Maybe sometime in the future we will not be so bound by bitcoin's supply schedule, yet it still seems to be a real dynamic, and I even thought that you LFC were a bigger proponent of the 4 year cycles than a lot of other folks especially since you have been continuously emphasizing BTC price tops within expected 4 year time cycles.. seemingly more than some other folks... so I don't see why you are so down on PlanB since he is not even that different from Giovanni and PlanB includes the part of bitcoin in his model that you seem to also gravitate towards so much.
None of us are going to get the exact 4-year top correct, whether plan B or anyone else, but even the last cycles have been continuing to follow a pretty damned close to exact 4-year cycle, in spite of so many folks on either side continuously proclaiming that this time is going to be different because we need to account for x, y, z, and blah blah blah.. but even with ongoing increases in various kinds of adoption and crazy-ass kinds of attacks, it all still seems to balance out and still fall into 4-year cycles, which seems to be just as good to be using Plan B or even who cares use the powerlaw model and they are not that much different from one another..
Today my new car arrived!

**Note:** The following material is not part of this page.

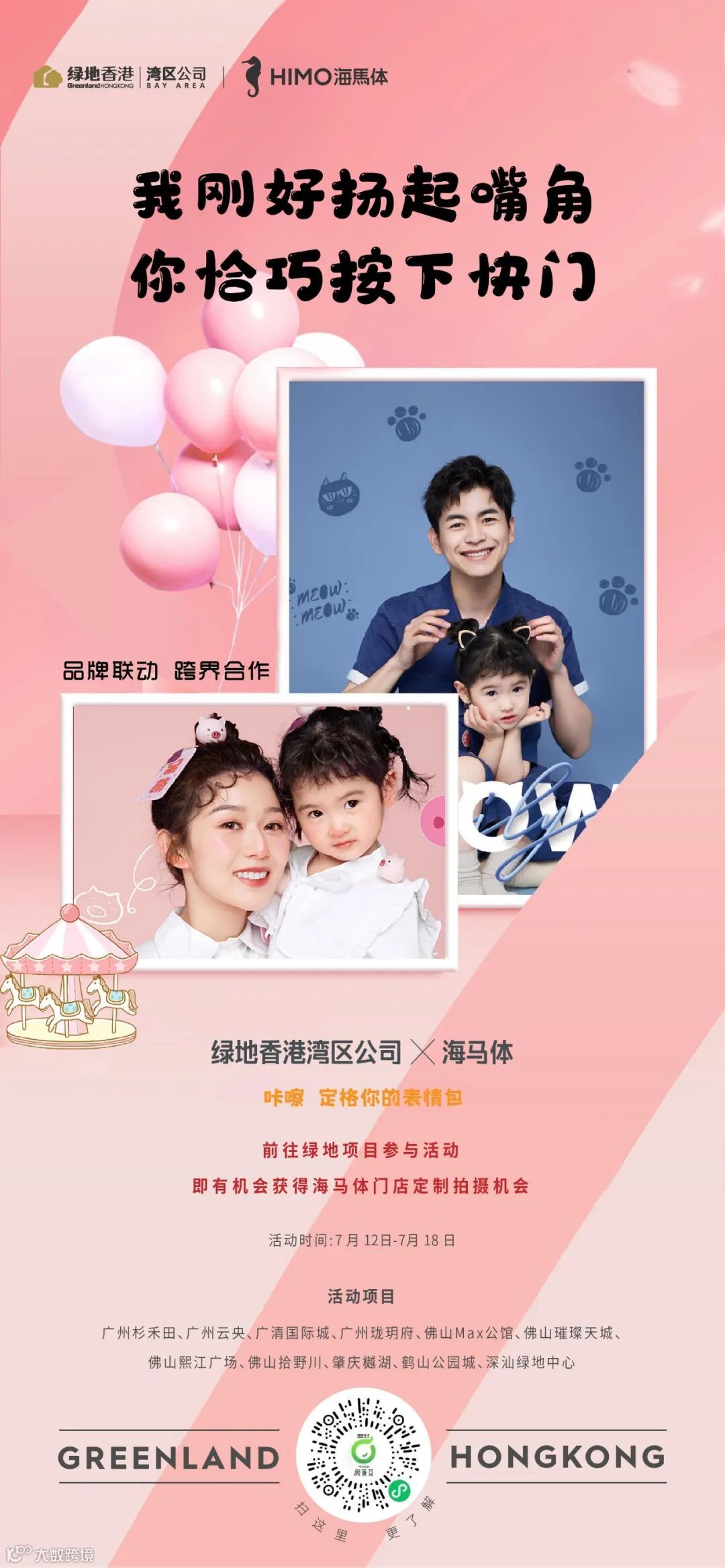 即日起,绿地香港湾区公司将诚意邀请客户前往同城项目主题打卡点前拍摄“创意表情包”,拍摄完成后即有机会获得绿地香港湾区公司与海马体联名推出的价值300元/张的拍摄礼品卡,该卡可用于海马体门店拍摄抵扣使用,如证件照、个人写真、全家福等,有效期为三年。(礼品卡数量有限,先到先得)

Mercedes GLC coupe AMG 43 with all extras! All of it paid by Bitcoin, after a modest 20-30x profit.

I hate to be a party poop, or maybe I do?
Unless you switched to buying, leasing is not the same as buying.
Also, you frequently talk about your various expenses and even whatever you were doing with your trading during the 2022 corrections, I have difficulties appreciating how you are supposedly getting 20-30x profits on whatever bitcoin you are spending to lease that car.. .and sure yeah, leases do have options to buy at the end of the lease, so some of the stuff that you are saying does not really add up.. even though a lot of guys with your tenure in bitcoin could have had 20x to 30x or even greater profits, but surely not as likely when you were going through so many previous fairly big selling events... 20x to 30x would be required to maintain something like $3k to $4k in average costs per BTC. which I suppose could be possible, but even seems a stretch under normal circumstances that had involved your various trading around stories in the past.
Maybe I should not poo-poo too heavily, since there could be decently justification to start to live off of your BTC, especiaally for guys with average cost per BTC less than $10k, and there like are a decent number of us who had been able to achieve that, especially if we may well have had accumulated most of our BTC prior to November 2020......so I would speculate that many guys take a bit of time to accumulate BTC and establish a bitcoin position, yet I would think that most guys who had been able to accumulate most of his BTC stash prior to November 2020 (even if he made several mistakes along the way) could have had reasonably achieved average costs per BTC below $10k.
Even guys who might have had started accumulating BTC in 2020, might not have had been able to keep his costs per BTC below $20k unless he was able to somewhat front load his BTC investment. Of course, there are some guys who are able to bring down their costs per BTC by trading rather than just ongoing accumulating of BTC and buying on the dip, yet no way am I going to presume anyone to either be a successful trader or to be able to beat any guy who is just engaging in ongoing BTC accumulation.. .... Nothing wrong with trying to buy BTC on the dip, yet I think that a lot of times even the buying on the dip does not tend to outperform the guys who are consistently, persistently and ongoingly buying BTC. So yeah, I take with a grain of salt any claims of guys proclaiming to have costs per BTC that ended up being lower than the guy who just persistently accumulates BTC through ongoing buying of BTC.